Colin Platt: I think this goes back to that point as well. Is if everybody's using the same network, the same set of technologies, it doesn't work. If you look at how the Internet works, the Internet isn't a single network, it literally is interconnected networks. That's why we call it the Internet. I think you're going to see something similar in blockchains. Some of them will be slow, like Bitcoin. Some of them will be much faster because we say, "Well, we only really need 30 people sitting around the table looking at this." And maybe they're 30 fund administrators sitting around Dublin plugging numbers in together and making sure that we don't have the same asset in two accounts. If you only need 30 people to connect into that, that can be really quick. And if you start segmenting these things, you don't have a trillion transactions a second. You have maybe a few hundred and you can deal with that.

Des O'Donohoe: All right. Okay. So that certainly answers that side. Do you think there's going to be rivals coming in here? Are there already rivals?

Colin Platt: Well, there's tons. I mean, there's literally hundreds of billions of dollars worth of money being invested in a public space, hundreds of million dollars probably in the enterprise space right now. Unless you start to count all the money that doesn't really get counted into that, it's probably 10 times that. There will be lots of rivals. You already see in the enterprise space companies like R3, which is the consortium of a big financial institution.

Des O'Donohoe: That's been around a while.

Colin Platt: That's been around since 2014, 2015, depending on how you count. Digital asset that's working with ASX in Australia. You have IBM, who's involved in a ton of projects. You have chain.com based out in San Francisco, as well as some smaller companies that are looking at how I can solve a specific problem. Now, where that's really interesting is it's such a big field. We're talking about literally all of the financial transactions in the world that people go, "Does this fit in?" And if they can find a niche in that, yes, they're competing on a macro scale, but they're not really competing for each bit of business.

Des O'Donohoe: Last question for you. What is going to happen in 2018? What are you seeing? So we're in January. What is going to happen over the next six to 18 months? What do you expect to see in this space?

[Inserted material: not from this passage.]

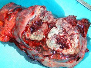 Το χειρουργικό παρασκεύασμα, που είναι ολόκληρος ο πνεύμονοςς με τον όγκο να διακρίνεται κεντρικά. Η ιστολογική εξέταση έδειξε ότι πρόκειται για πλακώδες καρκίνωμα που αποτελεί τον συχνότερο ιστολογικό τύπο.

Colin Platt: Let's back that up a bit. 2016, I classify as the enterprise blockchain DLT movement really took off. People said, "Right, we can put this thing in. We can solve a lot of things with technology. Forget the cryptocurrency." 2017 was 100% about the cryptocurrency. It was about Ethereum, ICOs in the first part of the year where people were using new tokens built on top of Ethereum to raise ungodly sums of money, culminating with companies raising a quarter of a billion dollars towards the end of 2017 to Bitcoin going from less than $1,000 up to $20,000 at one point just before Christmas. I think we're going to transition and say, "Well, 2018's where cryptocurrencies start to find their niche, enterprises start to come alive." Because a lot of these budgets that people started putting down in 2015, 2016 are going to start demanding results.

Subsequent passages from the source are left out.